9. A transfer layer comprising the transfer fibers of claim 7 in a sheet form.

10. An absorbent article comprising the transfer layer according to claim 9 and an absorbent.

11. A process for making the dual function reagent of claim 1, the process comprising reacting a polyfunctional organic acid and polyalkylene glycol diglycidyl ether compound in water.

12. The process of claim 11, wherein the polyfunctional organic acid and polyalkylene glycol diglycidyl ether are mixed in a weight ratio of from about 1:0.1 to about 2:1.

13. The process of claim 11, wherein the reaction between polyfunctional organic acid and polyalkylene glycol diglycidyl ether is carried out at room temperature to water reflux temperature for at least 4 hr.

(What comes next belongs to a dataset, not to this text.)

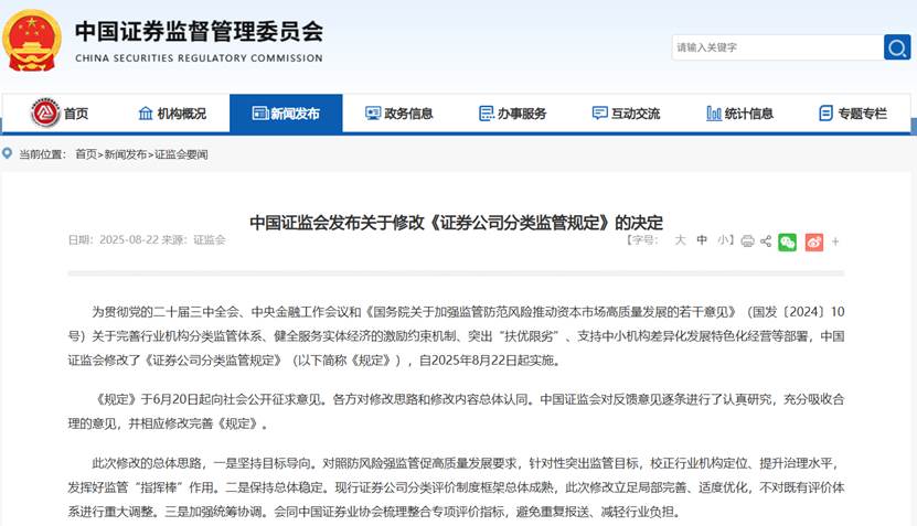 【環球網財經綜合報道】8月22日,證監會發布《關於修改〈證券公司分類監管規定〉的決定》。此次修改將標題由《證券公司分類監管規定》調整為《證券公司分類評價規定》(下稱《分類評價規定》),與以分類評價為主的規定內容相適應。《分類評價規定》自2025年8月22日起實施。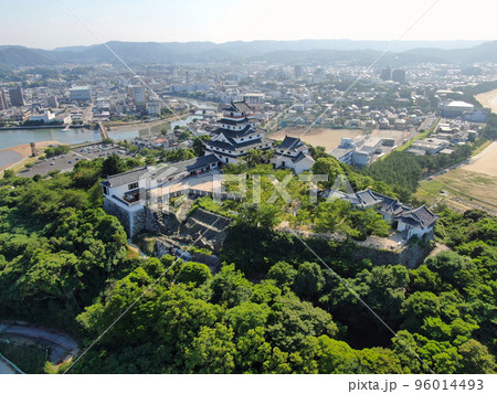唐津城から眺める松浦川と松浦橋、虹の松原、舞鶴橋方面の眺望

14. A method of making cellulosic transfer fibers comprising: providing a solution comprising a dual function reagent of claim 1; providing cellulosic base fiber; applying the solution of the dual function reagent to cellulosic fibers to impregnate the cellulosic based fibers; and drying and curing the treated cellulosic fibers.

15. The method of claim 14, wherein the solution of the dual function reagent has a pH of about 1.5 to about 4.

16. The method of claim 14, wherein applying the solution of the modifying agent to the cellulosic based fiber include any method produced impregnated the cellulose fiber such as: suspending, spraying, dipping or applying with a puddle press, size press or a blade-coater.

17. The method of claim 14, wherein the cellulosic fiber is provided in sheet or slurry form.

18. The method of claim 14, wherein the cellulosic fiber is provided in nonwoven mat form.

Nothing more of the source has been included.